NBA to Have a Different Champion for the Eighth Straight Year
The NBA will crown a different champion for the eighth consecutive season. With the Finals now set between the San Antonio Spurs and the New York Knicks, the league continues a historic trend that highlights the competitive balance currently defining the world’s premier basketball competition.
The 2025-26 NBA season has already guaranteed a remarkable milestone: for the eighth consecutive year, the league will produce a new champion. The San Antonio Spurs’ run to the NBA Finals, where they will face the New York Knicks, ensures that no franchise will successfully defend its title, something that has not happened since the dynasty years of the Golden State Warriors.
The Texas franchise punched its ticket to the Finals after eliminating the defending champion Oklahoma City Thunder, while the Knicks completed a memorable campaign to reach the championship series for the first time since 1999.
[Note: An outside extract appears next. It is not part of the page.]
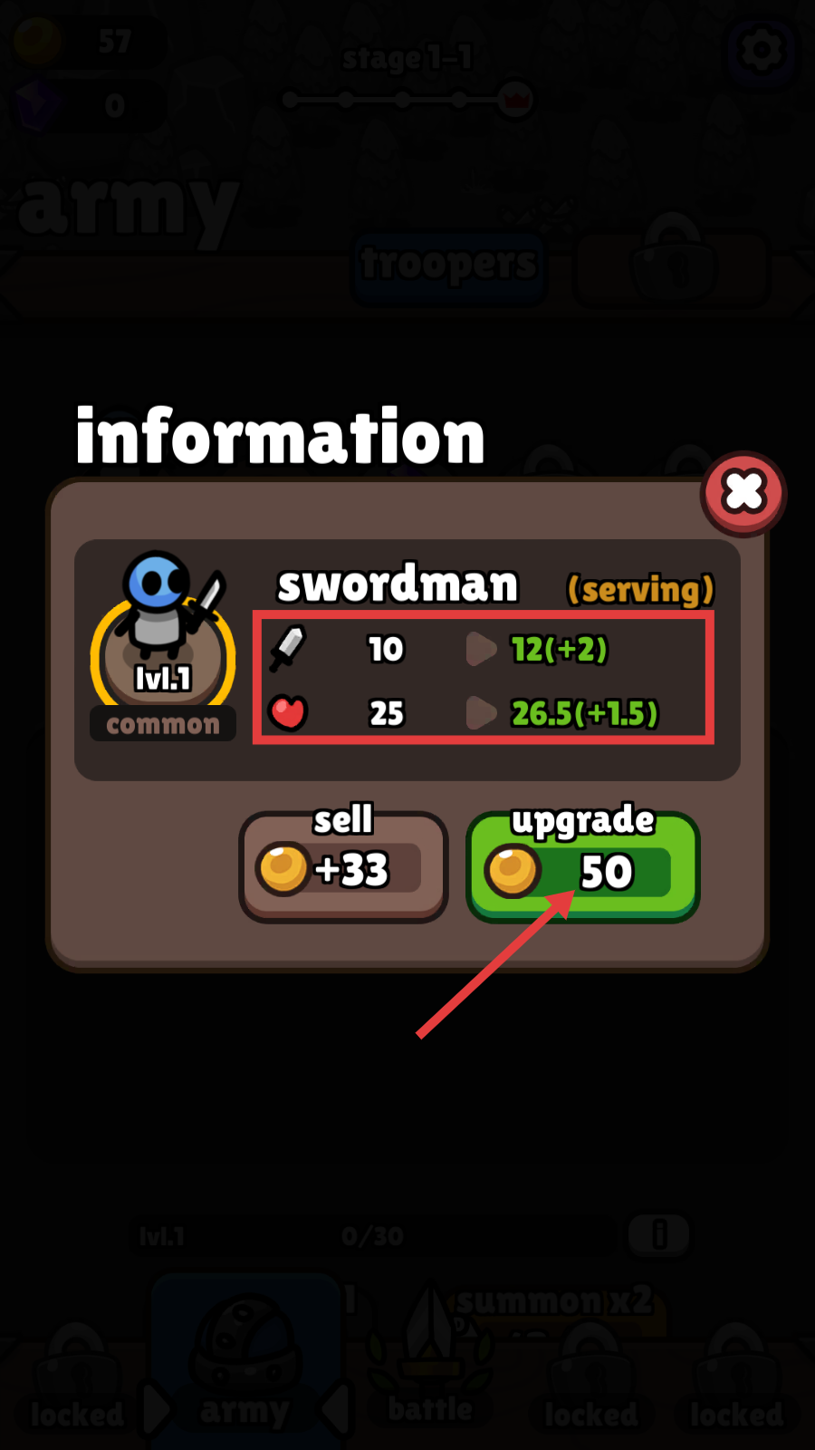 3、在剑士信息页,若金币够50,点upgrade升级,提升【swordman】攻击与生命属性。

The parity seen across today’s NBA stands in stark contrast to previous eras, when teams such as the Golden State Warriors and the Miami Heat dominated the league for extended periods.
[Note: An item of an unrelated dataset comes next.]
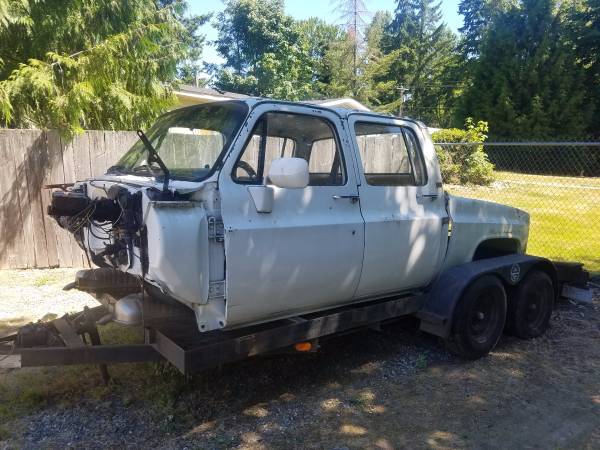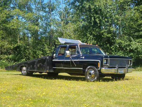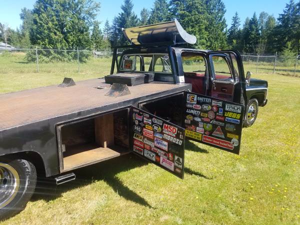 https://seattle.craigslist.org/tac/c...226871908.html 1976 Chevy C30 crew cab ramp truck. Here we go with our badass vintage hauler. Factory black, red interior 76' Silverado with the best looking ramp box ever available. This guy was converted into a ramp truck by Hodges back in the late 70's. The box has 4 big storage compartments, 2 on either side. This truck is almost 31' long with the cheese grader step on the back. It's got a 454 with a TH400 that runs pretty damn good, of course theres always room for improvement. We've used this truck to haul a ton of *****in hotrods so it's proven to do that very well. New custom built headache rack that doubles as a storage rack on top along with being the wing mount. Also just installed a brand new 12,000lb winch with remote under the bed, it works perfectly. Newer batteries, newer tires, newer-ish dual exhaust. The cab and doors are rusty, they can be left alone or.....with the sale comes a really nice, rust free, complete square body crew cab and front clip. Complete doors, both bench seats, steering column, ect. Complete cab also has a clean title. Cab can or cannot go with the truck and price will reflect that. She needs tinkering here and there, but overall you can start using it right away.

A League Defined by Competitive Balance
The last team to successfully repeat as NBA champions was Golden State, which captured back-to-back titles in 2016-17 and 2017-18 behind stars such as Stephen Curry, Kevin Durant, Klay Thompson, and Draymond Green.
Since then, the NBA has seen a different champion emerge each season. The Toronto Raptors lifted the trophy in 2019, followed by the Los Angeles Lakers in 2020, the Milwaukee Bucks in 2021, the Golden State Warriors in 2022, the Denver Nuggets in 2023, the Boston Celtics in 2024, and the Oklahoma City Thunder in 2025.
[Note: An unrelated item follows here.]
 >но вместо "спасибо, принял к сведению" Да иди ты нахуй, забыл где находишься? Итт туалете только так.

This constant rotation of champions has become one of the league’s defining characteristics, proving that every season brings new contenders capable of competing for basketball’s ultimate prize.
Spurs and Knicks Ready to Write a New Chapter
Now it will be either the Spurs or the Knicks adding their name to that growing list. For San Antonio, the opportunity represents a return to the top more than a decade after its last championship, led by French sensation Victor Wembanyama, widely regarded as the future face of the NBA.
Meanwhile, New York is looking to end one of the longest championship droughts in league history and restore one of basketball’s most iconic franchises to its former glory.